Discussion in 'General Education' started by newbie87, Jun 11, 2010.
Jun 11, 2010
You didn't do anything really WRONG from what I could tell. I think with that age group, the most important thing is play. I might lighten up on the "academic" questions and attempt to engage in conversation (as much as possible)... "what do you have? is that a ball? can you roll me the ball? Do you have a car? Look, I have a car too! Which one goes faster? Let's race!" Simple things like that so that they hear language, and can pick up more easily. Let them guide based on what they choose to play with. For one and a half year olds, the main thing is acquisition of language, and the more they are exposed to it, the better off they'll be.
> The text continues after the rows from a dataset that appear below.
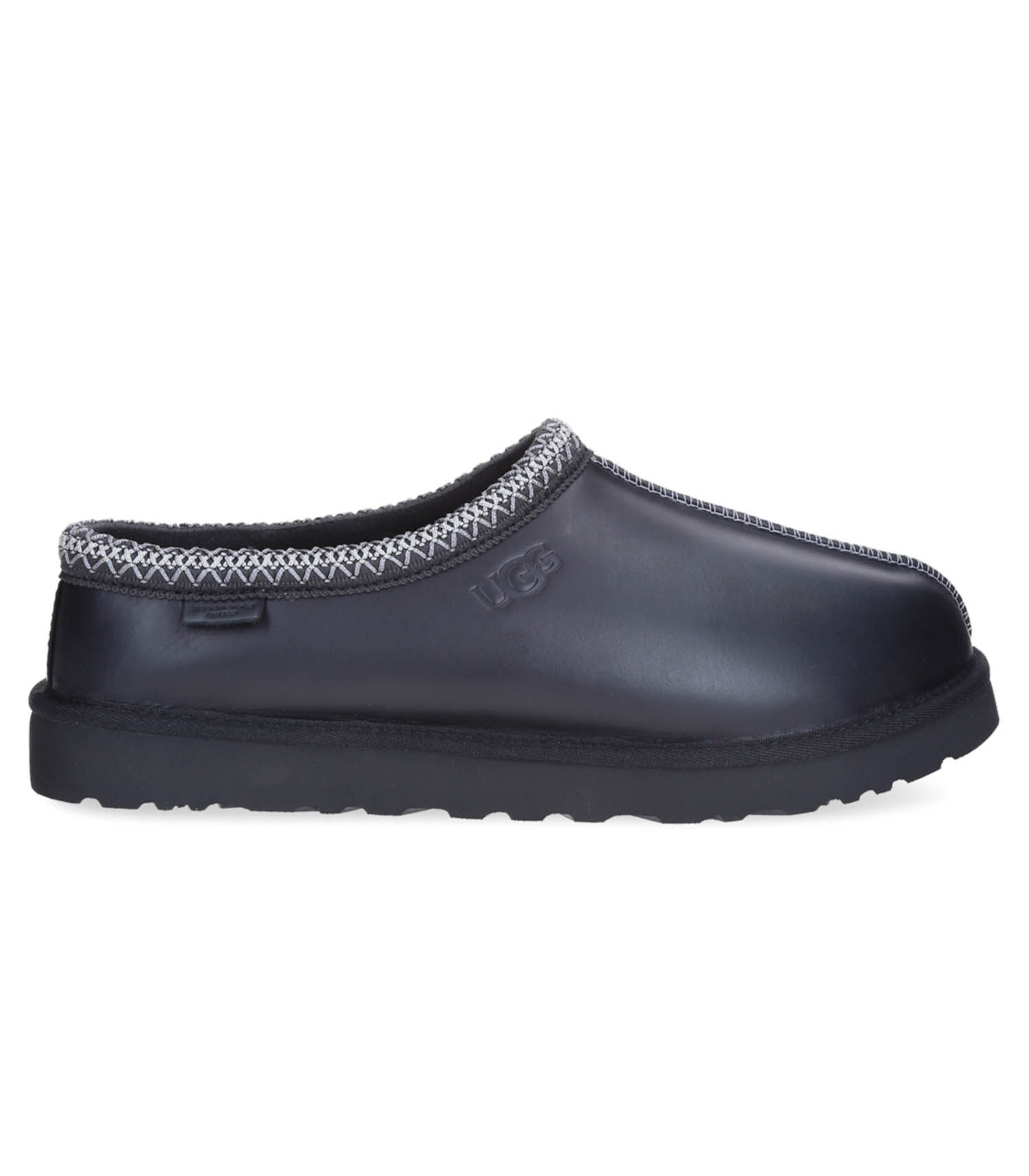 Chaussons homme Tasman Regen en cuir Noir de la marque UGG. La Tasman LTHR Regen réinvente le modèle iconique avec une touche de luxe et un engagement environnemental fort. Chaque paire est unique grâce aux variations naturelles du cuir, devenant encore plus belle avec le temps. Adaptée pour l'intérieur comme pour l'extérieur, la Tasman LTHR Regen est indispensable pour cet hiver.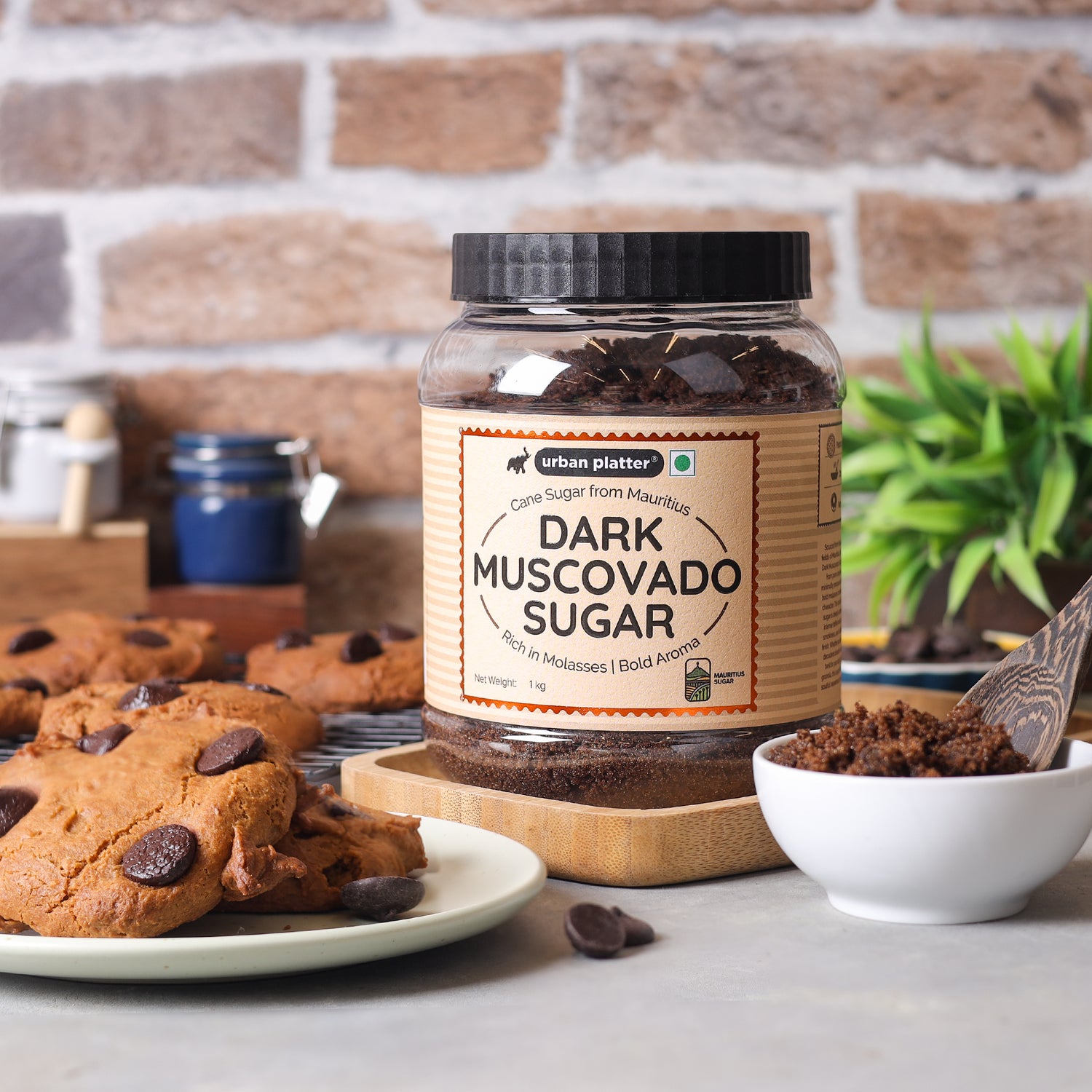 Urban Platter Dark Muscovado Sugar is a deep, molasses-rich sugar with a moist, fine texture and an intense, earthy sweetness. Perfect for rich fruit cakes, gingerbread, marinades, and barbecue sauces, it adds a warm, caramel-like depth to both sweet and savory recipes.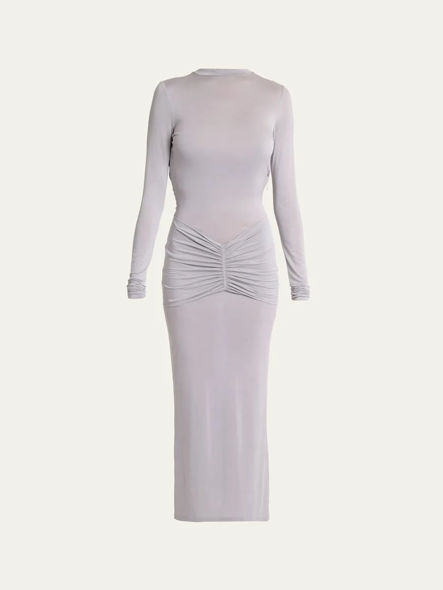 Balmain dress is crafted of a stretch jersey with figureflattering waist ruching and features an open back cutout adorned with goldtone chain detail Round neckline Long sleeves Bodyskimming silhouette Ankle length Invisible side zip Cupro/elastane Professional cleaning recommended Made in Portugal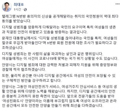 최 시장은 sns에서 n번방 용의자 신상을 공개해달라는 국민청원이 역대 최다인데 이는 디지털 성범죄를 엄중히 다뤄달라는 국민의 요구이며 여성의 안전이 위협받고 있음을 방증하는 결과라고 언급했다.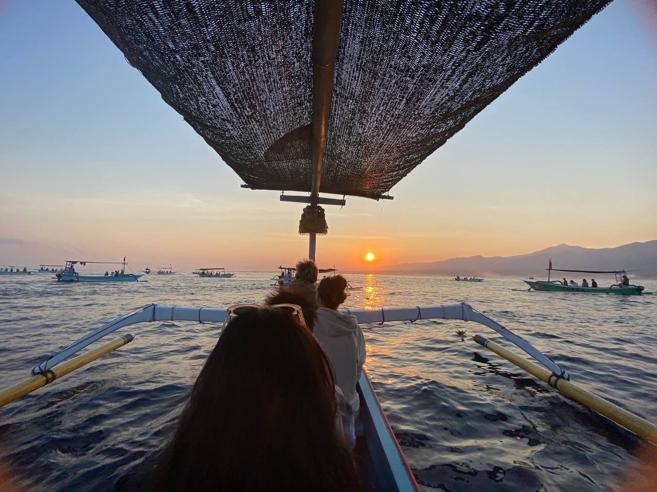 Perjalanan naik jukung ini tanpa ngebut mengikuti lumba-lumba sudah menenangkan mata. Turis bersiap pukul 05.30 sebelum matahari muncul. Jelang sampai titik habitat mamalia lucu itu, berkas cahaya matahari biasanya sudah memendar jingga, sampai bulat sempurna.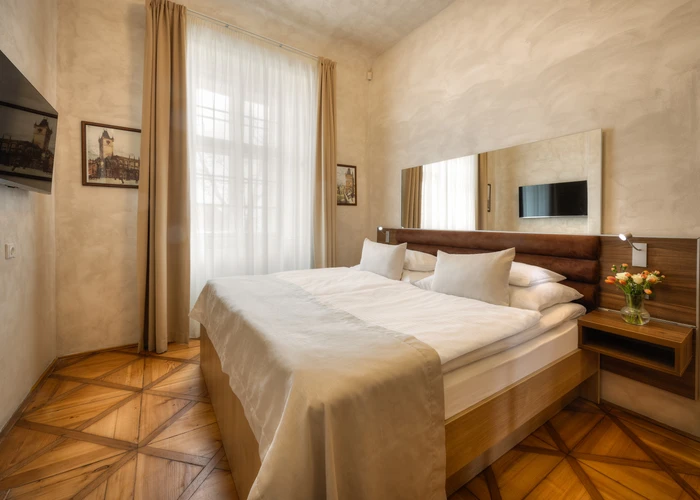 Zrenovovaný pokoj, který kombinuje moderní design a komfort s důrazem na moderní technologie.

Keep in mind, I'm no professional preschool educator, I did some work in a daycare during University, but most of that time was spent with some of the older ones... but that's what I think the goal is with that age group... I'm sure someone will correct me if I'm wrong.
Under 2's are still learning through their senses. So anything that involves moving, touching, listening, or looking is pretty well received. D is right--you should avoid academics.
But they love to sing, dance, read a story, or explore things. Show them science stuff like rocks, water, leaves, pinecones.
Keep them safe. I suggest a good textbook on child development. Or, look up a development page to review what each age is doing. I like the under 2's as they are pretty happy with whatever you do with them. One of my favorite activities is to look in the teacher cupboard, and put out a variety of "things" to explore. Try putting out muffin tins, small balls, cotton puffs, and spoons, and let them explore. You will all be laughing soon.
Jun 12, 2010
Just engage them and play with them rather than asking them academic questions. I remember when they put me in the sensory room with a bunch of 1-2 year olds and we played with different shaped balls and I sang a tune about how the ball was under the table, on the table, on my head...they really liked that and even imitated my movements with their balls.
Those kids might not have spoken because they did not really know you or perhaps because of their language abilities. All in all I think that if you are put in a position where you are with the younger kids, sing a song, play with them, just engaging them and activily observing rather than just "babysitting" gives you a big plus in any preschool hiring. Observe what they are doing and try to do a spinoff of that rather than introducing completly different. Just have fun
Lots of songs...music works so well with this age.
I worked in a daycare centre and started in the 3-year-old room. After a year they moved me to the infant room and I was terrified. I had NO idea what to do with them, and the children couldn't tell me with words. Once I started to make connections with the children and earn their trust I fell deeply in love with all of them. Children this age need strong relationships with their adult caregivers. Sing, hug, laugh, touch - communicate through their senses. They are a wonderful group to work with, and no one talks back!!